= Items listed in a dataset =
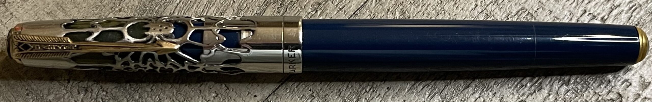 JV814. PARKER “51” Vacumatic with steel “spiderweb” open cutouts and cedar blue vacumatic barrel by craftsman Ariel Kullock. Beautifully done cap and great combo with this barrel. Choice of medium or fine 14k nib. Completely restored and working, $550
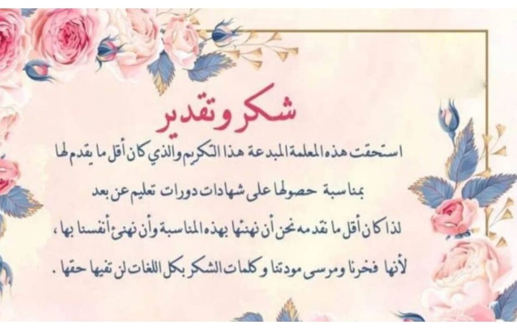 شهادة شكر وتقدير للمعلمة
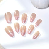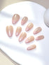 Jenny, a timeless take on the classic French manicure. Featuring a soft pink French tip blended seamlessly with a sheer nude base, this set is elevated with a delicate pearl glaze for a subtle, luminous sheen. The short almond shape offers a natural yet refined look, perfect for everyday wear or special occasions.
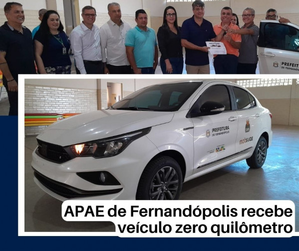 Na última quinta-feira, 02, o prefeito de Fernandópolis, André Pessuto, acompanhado de vereadores e secretários municipais, participaram da entrega de um veículo zero quilômetro, modelo Cronos para a APAE do município. O evento teve a participação de todos os alunos assistidos pela instituição e do músico Serginho Kamiyama, parceiro da entidade.
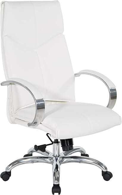 Office Star 7200 Series Deluxe Executive Faux Leather Office Desk Chair with Polished Aluminum Base and Padded Loop Arms, High-Back, Dillon Snow
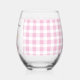 Champagne and Cupcakes Pink Gingham Stemless Wine Glass

= Exercise details =
Nothing but the lines from the one with "Na última quinta-feira, 02, o" through the end of the entries above, both included, should be set down, exactly and without pictures.

= Solution for this task =
 Na última quinta-feira, 02, o prefeito de Fernandópolis, André Pessuto, acompanhado de vereadores e secretários municipais, participaram da entrega de um veículo zero quilômetro, modelo Cronos para a APAE do município. O evento teve a participação de todos os alunos assistidos pela instituição e do músico Serginho Kamiyama, parceiro da entidade.
 Office Star 7200 Series Deluxe Executive Faux Leather Office Desk Chair with Polished Aluminum Base and Padded Loop Arms, High-Back, Dillon Snow
 Champagne and Cupcakes Pink Gingham Stemless Wine Glass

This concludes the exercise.